3. Operating costs (Do a rough take on what your annual operating costs will be. This is your insurance, trucks and equipment, shop rent, phones, Internet, accountant, bank fees, and about a million other things).
4. Profit. Add 10 to 50 percent depending the job, trade, greed....

For Example:
1. 40 man hours. Let's say you charge $50 an hour. So $2000.
2. Materials eg of $3000. Plus mark up as you see fit to pay for your time and hassle in getting the materials. 10% here as a fun example. Could be 50.
3.$15000 a year overhead. Divide this by the number of days you think you can/will have work. Let's say 100 in your first year. I like to guess a low number of working days since it means that you may cover 90% of your overhead in the first 100 working days of the year. Meaning your next 50-100 days are generating a far greater amount of profit.

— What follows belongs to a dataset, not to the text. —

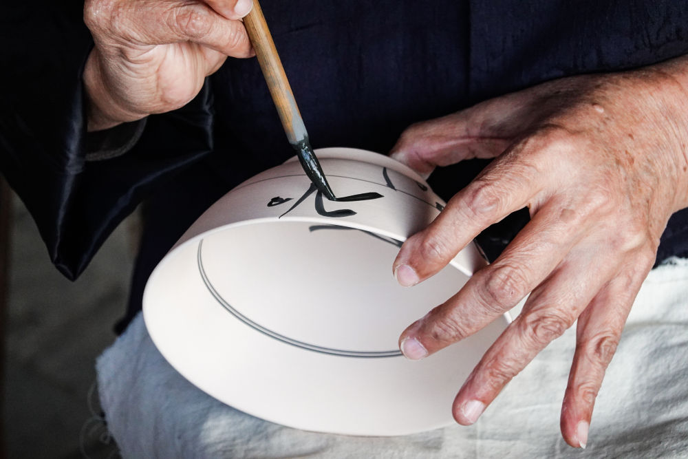 手工艺人师徒在陶阳里历史文化街区展示画坯(2023年10月11日摄)。

That makes your daily operating costs $150.

4. 10% profit.

We have:
1. $2000 Labour
2. $3300 Materials 
3. $450 Overhead
4. $545 Profit (yes this is just quick 10% for those CT folks...I know I know)

= $6325


----------



## tgeb (Feb 9, 2006)

That is a very good example. Simplified and easy to follow. :thumbsup:


----------



## FrankSmith (Feb 21, 2013)

Some were in between is the happy ground. Your liability goes up when your material price goes up. You need to charge more for jobs with increased liability.


----------



## VinylHanger (Jul 14, 2011)

You need to price different materials differently. If they just wanted bark dust or pine needles, that is a basic commodity. Not much room to mark up. Maybe 10 to 15 percent if you have good customers, though in reality, you should still be striving to mark it up the same. 

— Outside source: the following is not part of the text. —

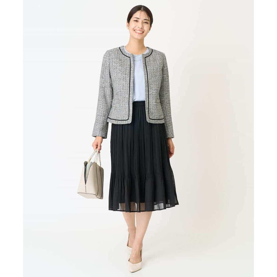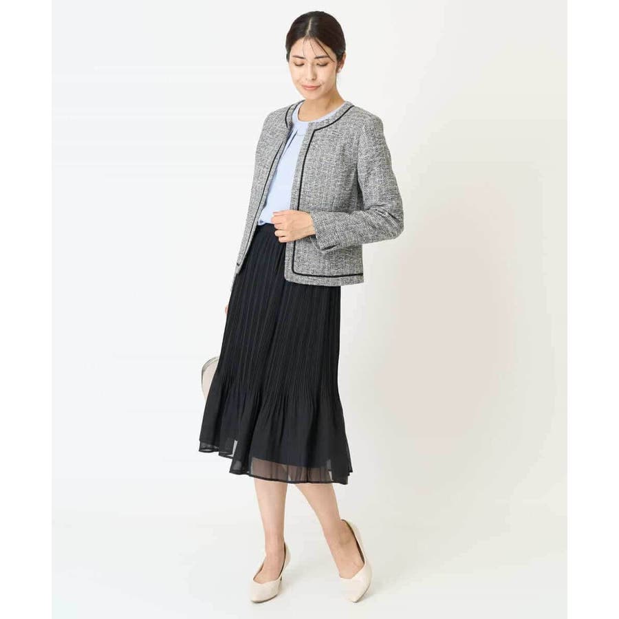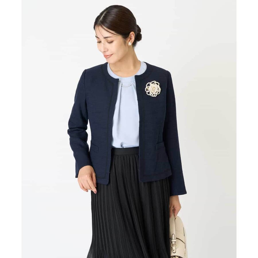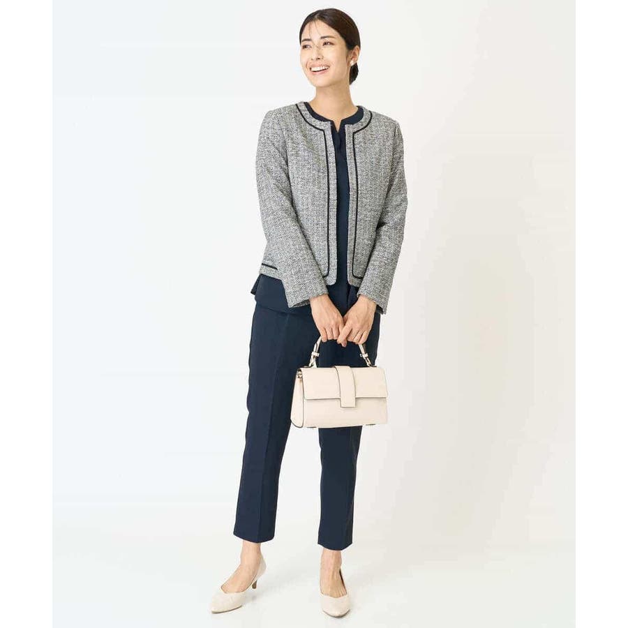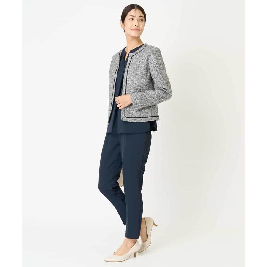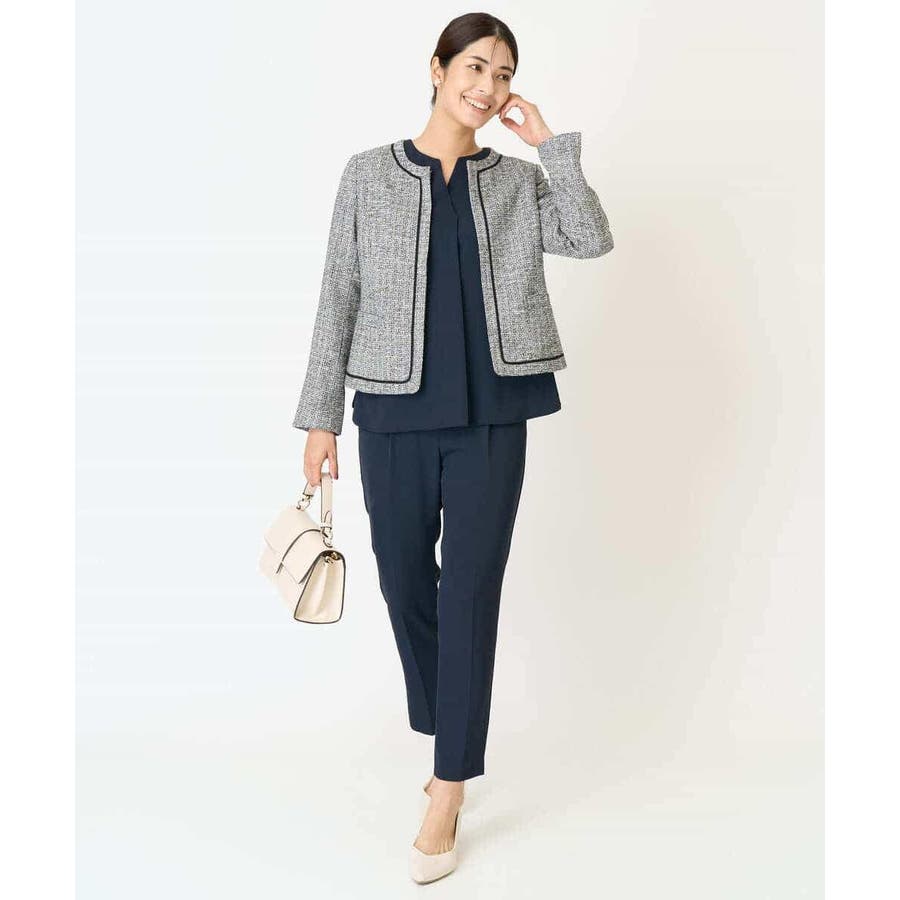 ・さり気ないラメが華やかなジャケットは上品なコードテープがアクセントに

Rubber mulch is an upgrade. There is a premium for upgrading. For instance, 20 to 40 percent depending on your market.

However, I don't do landscaping, so I have no real clue. I suppose if I had a customer who wanted a basic vinyl siding panel, I would mark it up the same as if it were a premium panel. I make more on the premium panel because it costs more in the first place. Also, if they are popping for a premium panel, they most likely would be interested in options for add-ons and details where I also make more money.

If they are dropping a bunch more money for rubber mulch, they would probably like a premium border, maybe some benches, etc. Only you know what the job entails. 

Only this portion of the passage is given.